When running SSA on hundreds of time series data (big matrix), my Jupyter notebook keeps restarting without any clues what is going on. After investigating from the code, the problem is in the X_elem = _outer_dot(v, X_window, n_samples, window_size, n_windows) in the transform function. For more details, when I run SSA on 550 time series data with 480 timestamps with a window size 35% (168 timestamps), it turns out that this function creates a very big matrix that crashes my notebook (X_new = np.empty((n_samples, window_size, window_size, n_windows))). Maybe it's better to put MemoryError exception in the function.

Steps/Code to Reproduce

from pyts.decomposition import SingularSpectrumAnalysis
ssa_params = {'window_size': 0.35, 'groups': None}
arr_input = np.random.rand(550,480)
arr_output = SingularSpectrumAnalysis(**ssa_params).fit_transform(arr_input)

Versions

NumPy 1.20.3
SciPy 1.6.2
Scikit-Learn 0.24.2
Numba 0.54.0
Pyts 0.11.0

Thank you for pointing this out.

The good news is that the decomposition is independent for each time series, so it can be performed on the whole dataset using batches/chunks.

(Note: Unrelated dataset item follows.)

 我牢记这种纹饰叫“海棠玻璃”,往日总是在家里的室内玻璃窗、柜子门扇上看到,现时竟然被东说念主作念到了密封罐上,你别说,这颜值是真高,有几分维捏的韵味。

It is likely to take longer but it would require less memory.

I had a quick look at scikit-learn source code and found one instance in which they use a try except loop to avoid this issue.

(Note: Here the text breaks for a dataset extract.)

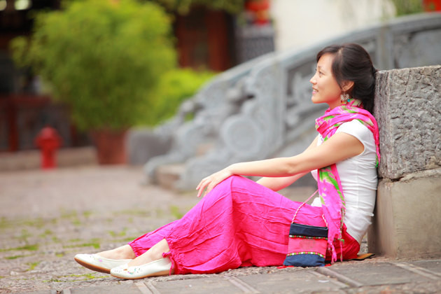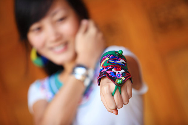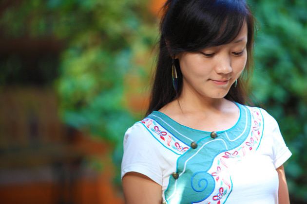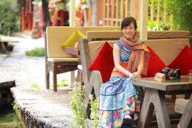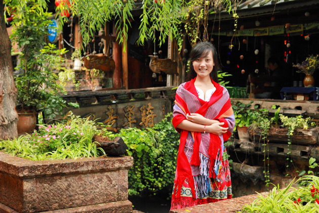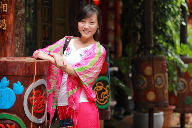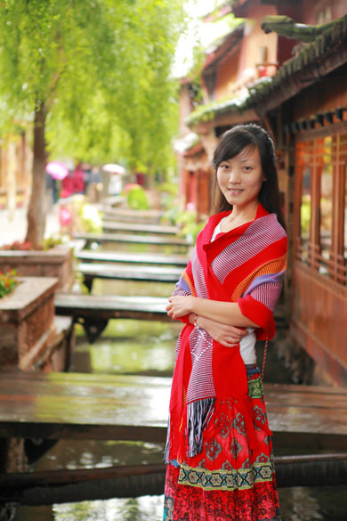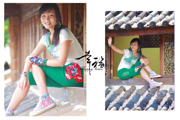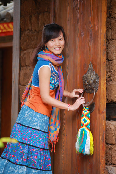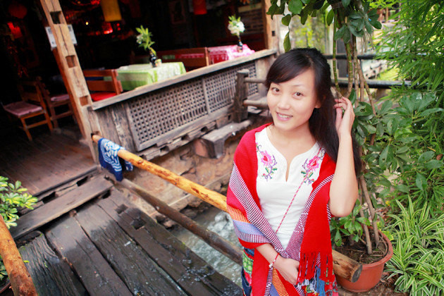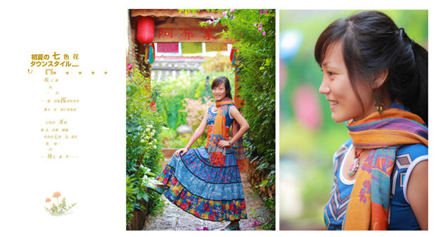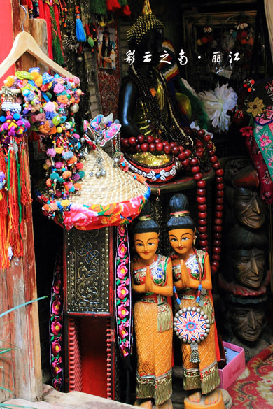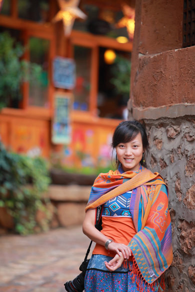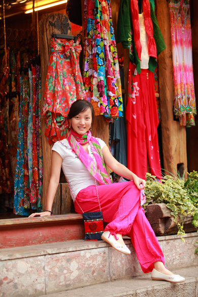丽江已经非常商业化了,大多数的门头都是卖茶叶啦、披肩啦、非洲手鼓、首饰----像这样特色的民族风服装,也不算特别多买了几件比较心仪的,准备拍照时穿

pandas.read_csv has a chunksize parameter to read a CSV file using chunks, which is useful when one wants to apply a processing to a large DataFrame that will decrease the memory usage. Instead of loading the whole CSV file as a single DataFrame and applying the processing on the whole DataFrame, it loads the CSV file by chunks and one can apply the processing on each chunk one at a time. Likewise, it decreases memory usage at the expense of runtime.

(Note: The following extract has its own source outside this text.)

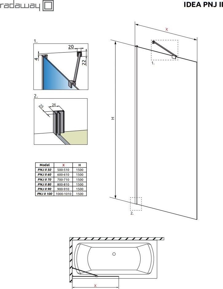 Шторка для ванны Radaway Idea Black PNJ II 700х1500 мм. Цвет профиля – черный, цвет стекла – прозрачное, 6 мм.

I think that both solutions could be implemented:

  • The try except loop would just be a check to see if the whole dataset (or each chunk) can be processed at once.
  • A chunksize parameter could be added to set the number of time series in each chunk: the processing would then be applied on each chunk of time series, one at a time.

What do you think?

Awesome! Thanks for providing me with concrete solutions. I will definitely try those options.